Sure, ski trails aren't why we're out there hiking. But it took very little time before we were able to look west behind us and capture some amazing views of Saddleback Pond, mountain ranges to the west and grab some rays. The terrain of the ski trail was smooth and relatively easy, albeit mighty steep in some sections. But we gained the ridge in about 90 minutes and were able to take in the endless views this hike has to offer all the way up.
Once on the ridge, we could see north to Saddleback, the Horn, Sugarloaf, the Bigelows and even up to Katahdin. We could see the AT to the south, the mountains of New Hampshire to the west. A few puffy clouds floated in the sky, occasionally casting shadows on the valleys below but not bringing a single drop of rain with them.
It wasn't long before we hit the summit of Saddleback (No. 54 for me in the NE67). We stopped to rest a bit, and refuel. It was here that I was starting to feel a bit overheated. I was in a wardrobe dilemma: Wearing a baseball cap helped shield my face a bit from the blazing sun, but it also prevented the heat from escaping from my head.

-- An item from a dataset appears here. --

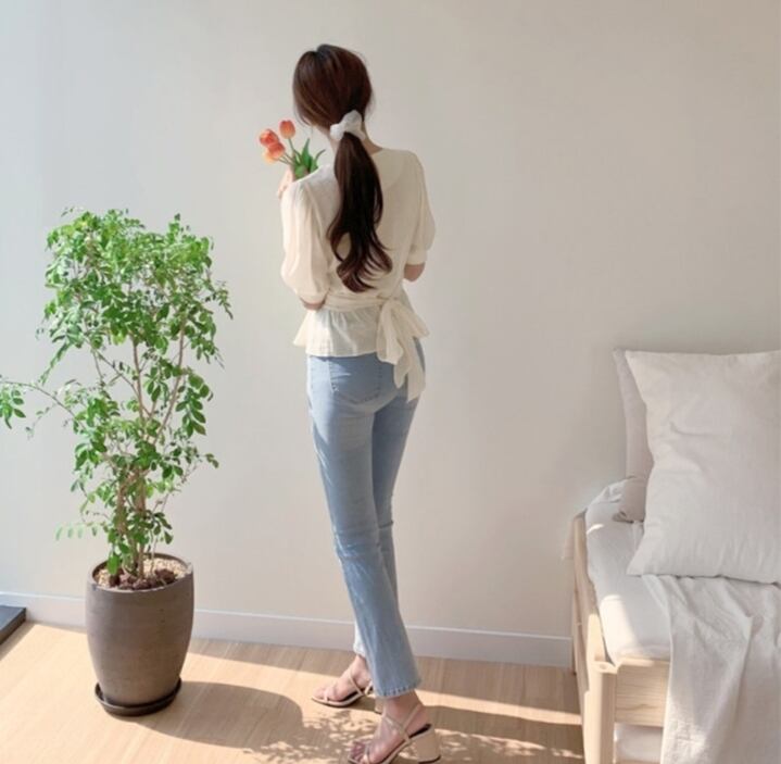 ウエストベルト レディース おしゃれ フリル トップス 春夏 きれいめ 夏服 韓国 上品 清楚 ブラウス 5分袖 フェミニンブラウス 女性30代デート服

Between Saddleback and the Horn -- about 1.7 miles between the peaks -- the ridge dips down dramatically only to have to rise back up. We were crossing rocks and ledges, the sun bouncing back up, and only one small section of tree cover (it's in this section where there's a metal ladder that helps climb over a small ledge).

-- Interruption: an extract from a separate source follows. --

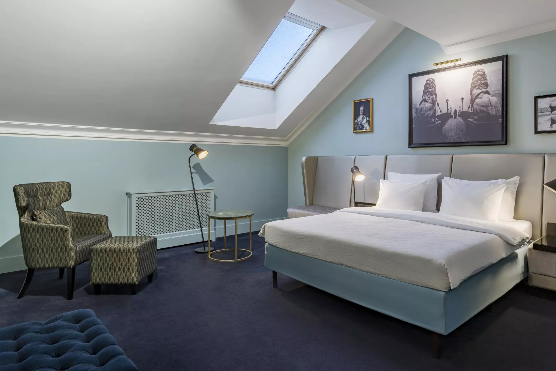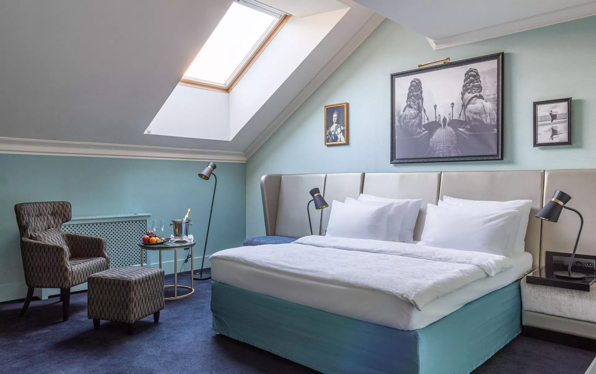 Специально для уникального совместного проекта Cosmos Hotel Group и ФК Зенит был выбран номер категории «Полулюкс» на 5 этаже исторического флагманского отеля сети Cosmos с панорамным видом на Владимирский проспект. Общая площадь номера — 35 кв. метров.

It was along this stretch, that I started to feel a tad overheated and a bit nauseous. At one point, the little "holster" that carries my GU, fell off my backpack hip belt and I heard it fall to the ground -- right in a small crack between two large boulders. I tried for a few minutes to retrieve it using my hiking pole, but gave up and decided to catch up to AMSTony and SteveHiker who were a bit ahead of me.
By the time I made it to the summit of the Horn, I'd slowed down a lot, felt sick to my stomach and felt as though the slight breeze wasn't so much a blessing on a nice summer day but an annoyance that left me feeling drained. I absolutely love lingering on summits, but this time, all I could do was have the obligatory summit shot taken, take a few swigs of water and head back down. (Though Tony did point out that if I needed a helicopter rescue the summit was perfect for it! )
Tony and Steve graciously tagged along back with me -- and Tony (my hero!) retrieved my GU holster. By the time we were back at Saddleback, I was feeling better. I'd decided to hold my hat in my hand rather than keep it on my head, and the escaping heat seemed to cool me down a bit. Phew! It's nice to feel (relatively) normal again!
We were back at the ski trails in no time, finding them relatively easy to descend, except for a few slips and slides on the dry dirt.
Once back at the base lodge, we found it open, much to our delight. We later found out that the older gentleman with the funky panama hat that greeted us in the lobby was the owner. He welcomed us in, told us we could take a look around, and allowed us to use the bathrooms. Such a nice way to end the day!
In all, the climb involved 2,000 feet of elevation gain to reach the ridge, and about 5.5 hours round trip.